Migrating your services to another cluster

Let’s examine how to shutdown a service gracefully in Kubernetes and migrate it to a different cluster. Here the term service is used liberally and doesn’t refer to a Kubernetes Service object. Your service will probably be composed of one or more Kubernetes objects, including a Service object as well as Deployment, Pod, StatefulSet, PersistentVolumeClaim, PersistentVolume etc.

Table of Contents:

  • Shutting a service down
    • Preserving storage
    • Shutting processes gracefully
      • preStep Hook
      • Handling SIGTERM
  • Carry over your services
    • Binding to an existing storage resource
    • Picking up an existing persistent volume from your service

Shutting a service down

We need to ensure two things when shutting down a service:

  • Any storage resource mounted to your service is preserved.
  • Your service processes are shutdown gracefully.

This will allow us to carry our service elsewhere, take our data with it, deploy and continue from where we left.

Preserving Storage

There is a simple way to ensure a storage resource in your cloud provider is preserved when you delete a Kubernetes object that created this resource. You need to set persistentVolumeReclaimPolicy on the associated PersistentVolume to Retain

To see all the PersistentVolume objects’ retain policy in the default namespace you can execute kubectl get pv.

For each persistent volume, you can run the following command to update their policy to Retain:

kubectl patch pv <your-pv-name> -p '{"spec":{"persistentVolumeReclaimPolicy":"Retain"}}'

After this, deleting the PersistentVolume itself or deleting the Kubernetes object that created the PersistentVolume via a claim will preserve the underlying resource (e.g. Azure Disk, Azure File etc)

Shutting processes gracefully

Once you take care of your storage, you need to shutdown your containers, or to be more specific, processes running in your containers, gracefully.

Kubernetes will follow the below path once a Pod is deleted:

  1. Pod state is set to Terminating
  2. preStep Hook is executed in the container.
  3. SIGTERM is sent to all containers. To be more precise, this will lead to docker sending SIGTERM to the process with PID 1 running in your containers.
  4. Kubernetes will wait for a grace period
  5. SIGKILL is sent to containers that are still running

The goal is basically to avoid step #5 where some of your processes are killed and you risk having corrupt data in your storage.

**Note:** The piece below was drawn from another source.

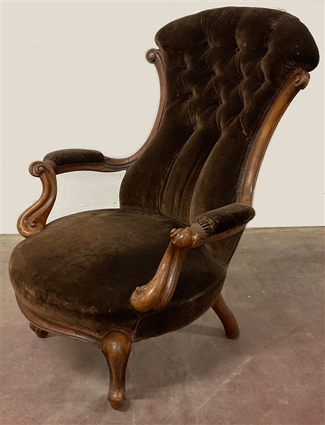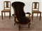 Lotto composto da una poltrona di forma mossa e due sedie in noce intagliato co
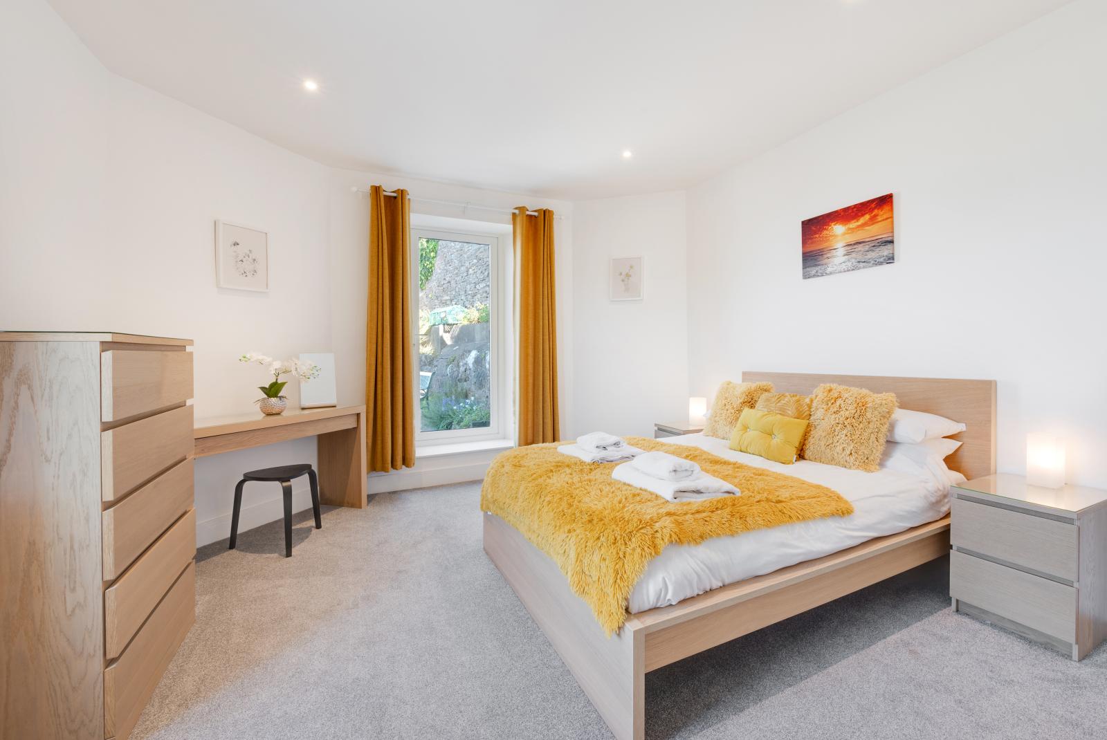 Our living room at Pirates View - aptly named the room with a view - is where the harbour truly takes centre stage. Positioned upstairs to make the most of the outlook, it’s a light-filled, comfortable space designed for unwinding together, whether you’re watching the boats come and go, settling in with a board game, or enjoying a quiet evening in.

Steps 2 to 3 is where we can do something to avoid step 5.

preStep Hook

If your containers cannot deal with SIGTERM for whatever reason you can either execute a command or fetch a URL to gracefully shutdown your container.

You can define a preHook in the lifecycle section of your container spec. For example, for nginx, you have the following section in your container spec.

lifecycle:
  preStop:
    exec:
      command: [
        # Gracefully shutdown nginx
        “/usr/sbin/nginx”, “-s”, “quit”
      ]

Alternatively, you can issue a HTTP get against an endpoint:

httpGet:
          path: /shutdown
          port: 8080

Handling SIGTERM

Docker will send the SIGTERM command to PID 1 of a container. This should result in graceful shutdown of all processes in a container.

If you have your own custom service, you need to ensure it has a handler for SIGTERM and will gracefully shut itself and all children processes.

If you’re using a 3rd party service, read the documentation. Ensure that the service can gracefully shut itself down on SIGTERM.

If you’re using a wrapper to start your service process, you need to ensure the wrapper can propagate SIGTERM to all processes.

The duration of this period is TerminationGracePeriodSeconds attribute in Container.

Carry over your services

Carrying over your services can be as simple as as deploying them again as long as you ensure they pick up the existing storage resources. In order to achieve this, you’ll need to create your PersistentVolume objects manually and:

  • Bind them to existing storage resource (e.g. Azure Managed Disk, Azure File etc) that they have their data
  • Your service uses this specific PersistentVolume and do not issue a new claim.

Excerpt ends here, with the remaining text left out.